(Prompt): Below are records; reproduce exactly the lines from the one that has "县长杨恩维(前排右三)、副县" through the one that has "4、点击开始菜单-运行-输入", ends included, and nothing more.

=== Dataset records ===

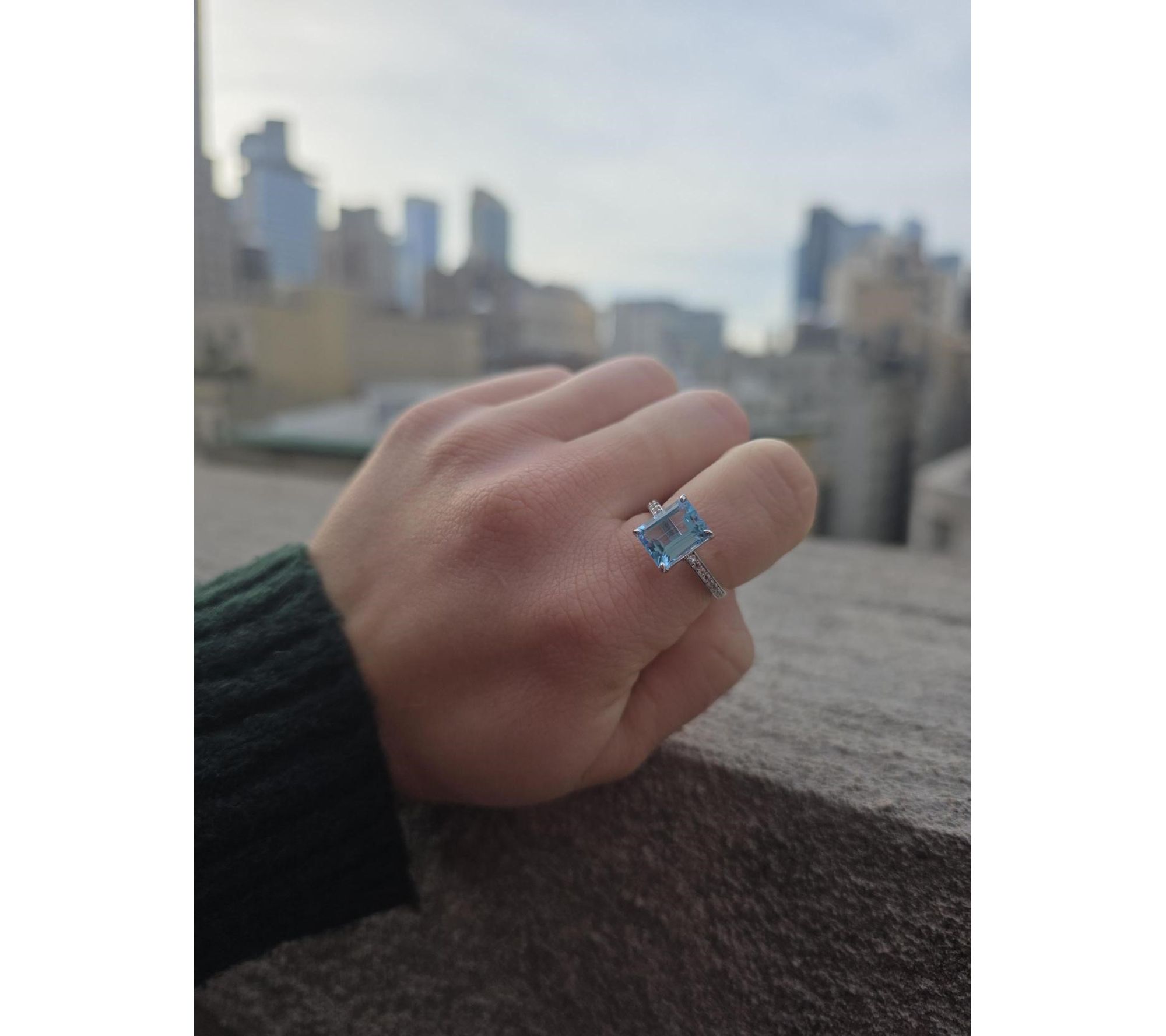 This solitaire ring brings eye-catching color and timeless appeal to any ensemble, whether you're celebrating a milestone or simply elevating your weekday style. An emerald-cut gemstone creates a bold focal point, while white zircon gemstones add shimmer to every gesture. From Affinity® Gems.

===
=== Dataset records ===

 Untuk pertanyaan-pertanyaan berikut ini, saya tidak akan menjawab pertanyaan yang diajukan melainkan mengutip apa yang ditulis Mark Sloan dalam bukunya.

===
=== Dataset records ===

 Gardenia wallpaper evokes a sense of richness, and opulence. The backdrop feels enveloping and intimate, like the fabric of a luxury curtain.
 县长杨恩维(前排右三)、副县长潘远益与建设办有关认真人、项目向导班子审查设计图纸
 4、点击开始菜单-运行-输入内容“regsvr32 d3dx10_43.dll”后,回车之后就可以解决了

===

(Exercise solution):
 县长杨恩维(前排右三)、副县长潘远益与建设办有关认真人、项目向导班子审查设计图纸
 4、点击开始菜单-运行-输入内容“regsvr32 d3dx10_43.dll”后,回车之后就可以解决了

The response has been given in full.